Панова, белее мела, отчётливо отчеканила:
– Достать все уголовные дела на стол!
– Чего? – не сразу сообразил Свердлин.
– Дела на стол! – рявкнула Панова так, что люстра в кабинете пережила неприятные мгновения вместе со Свердлиным, который нашкодившим мальчишкой тотчас прыгнул к сейфу, долго не мог попасть ключом в маленькое отверстие, наконец распахнул дверцу, и на пол насыпалась гора бумаг.
Свердлин растерянно поднялся во весь свой рост над этой бесформенной кучей.
– Во-от! – подняла вверх палец правой руки Панова. – Вот! Наслаждайтесь, кто несведущ.
Свердлин понуро молчал, не поднимая красивой головы.
– Видели бы преступники таких следователей!

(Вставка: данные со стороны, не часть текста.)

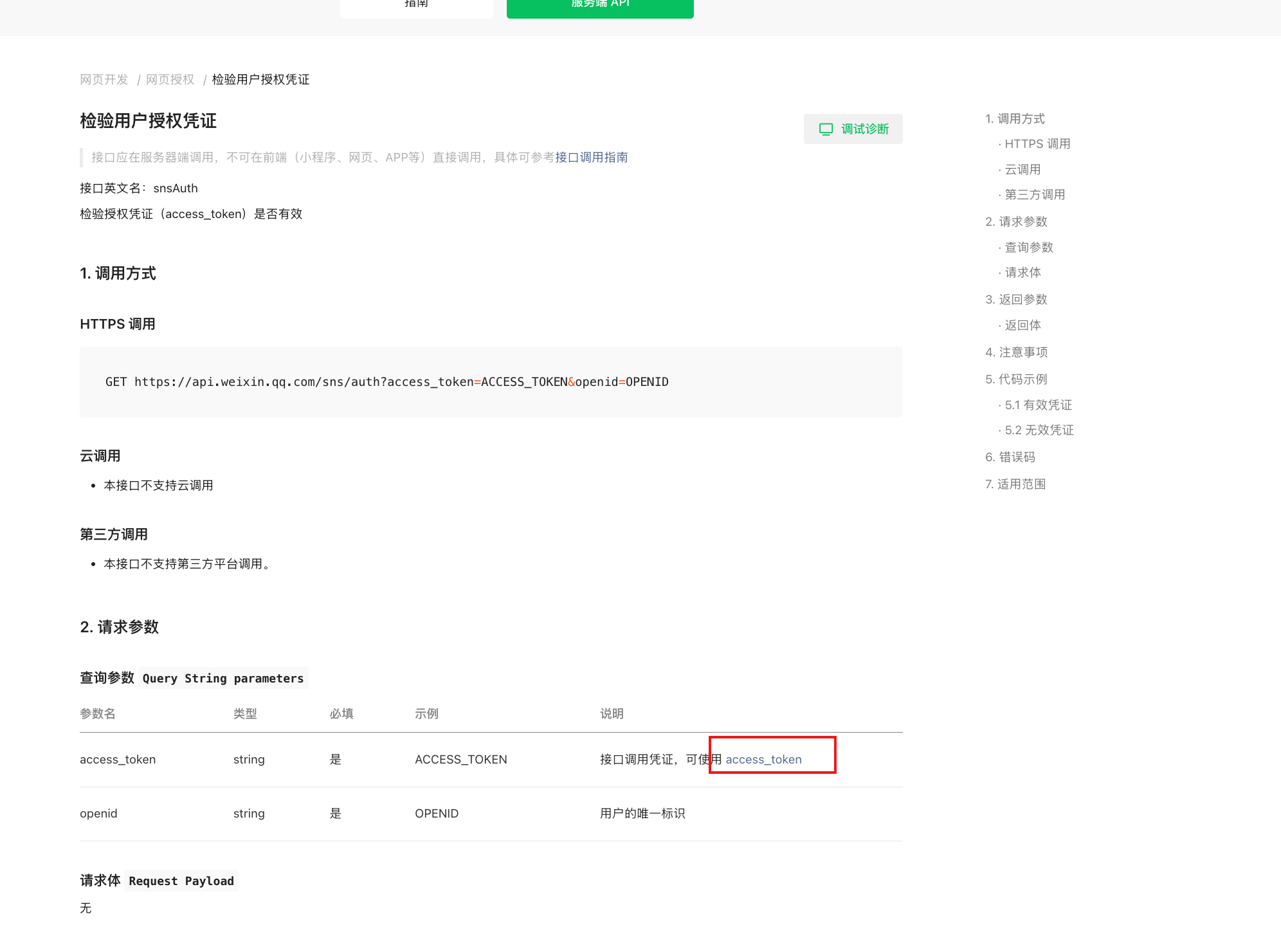 调用 https://api.weixin.qq.com/sns/auth?access_token=ACCESS_TOKEN&openid=OPENID 请求失败 请求 rid:68ba6348-51cc4960-745cc589

– Да что вы в самом деле, Екатерина Михайловна? – Свердлин опустился на колени, начал собирать бумаги с пола, засовывать их в сейф. – Что вы меня шпигаете, как школьника?
– Я шпигаю?!
– Вы!
– Мальчишка!
– А вы?…
– Кто?
– Вы!..
– Ну? Говорите?
Свердлин с охапкой дел медленно поднялся с пола, развернулся к Пановой.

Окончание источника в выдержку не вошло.